Supplementary Materials
Video S1: Example of animal’s running behavior on the treadmill, Related to Figure 1
A video image of a single animal running on the treadmill. The video displays 4 running trials (2 pre-training and 2 post-training). Each trial starts with the treadmill turned off and the animal is stationary, followed by turning the treadmill on and the animal is forced to run forward.
Video S2: Example of SST IN imaging, Related to Figure 2
Ca2+ imaging of SST INs taken from 2 animals. Imaging was taken during pre-training running. Activity is shown during baseline (treadmill is turned off and the animal is stationary) and during forced running (treadmill is turned on). Scale bar depicts 20μm.

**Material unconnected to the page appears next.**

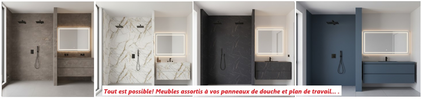 et toutes les autres dimensions fabriquées sur mesure au millimètre pour s'adapter à votre salle de bain.
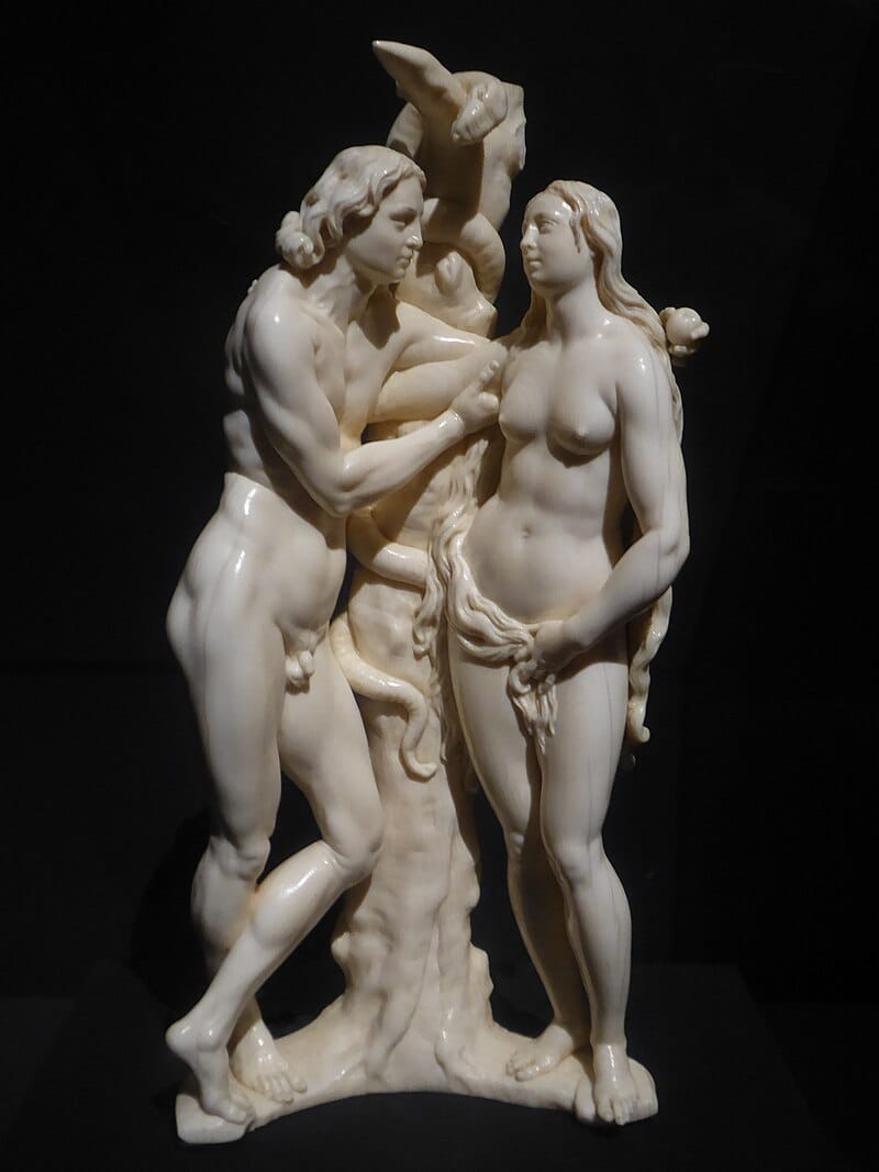 The explicit erotic content in Renaissance paintings, especially in Germany, suggests that Church teachings were already eroding and allowing sex without sin back into the interpretations of Genesis and Exodus. If Eden was the womb and the river out of Eden was the umbilical cord, and Exodus was the journey after leaving the womb, crossing the Red Sea, with its hint of blood, then it was hard to escape the idea that women were the life force itself, and that this was not sinful at all (more here). For example, this is German sculptor Georg Petel's The temptation of Adam and Eve from 1627.

Video S3: Example of spine imaging, Related to Figure 6
Ca2+ imaging of 2 apical tuft dendrites of L2/3 pyramidal neurons. Imaging was taken during pre-training running. Video displays the original images taken without any post-hoc processing (e.g. turbureg). For each dendrite activity is shown during baseline (treadmill is turned off and the animal is stationary) and during forced running (treadmill is turned on). For each dendrite the activities of the shaft and a few of the spines are depicted at the end of the video. Scale bar depicts 10μm.

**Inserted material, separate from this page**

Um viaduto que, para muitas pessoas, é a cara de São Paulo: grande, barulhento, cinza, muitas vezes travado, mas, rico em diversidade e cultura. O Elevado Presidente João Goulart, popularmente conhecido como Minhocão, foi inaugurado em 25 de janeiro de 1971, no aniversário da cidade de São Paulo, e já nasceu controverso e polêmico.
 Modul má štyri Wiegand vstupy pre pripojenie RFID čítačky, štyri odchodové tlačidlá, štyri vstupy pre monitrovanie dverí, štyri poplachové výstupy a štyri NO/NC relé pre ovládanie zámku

Data Availability Statement
Code availability.
All of the analysis described above was performed using toolboxes and custom code in Matlab. All of the custom codes used for analysis are available from the authors upon request.
Data availability.
All of the data described in this manuscript is available from the authors upon request.
All of the data described in this manuscript is available from the authors upon request.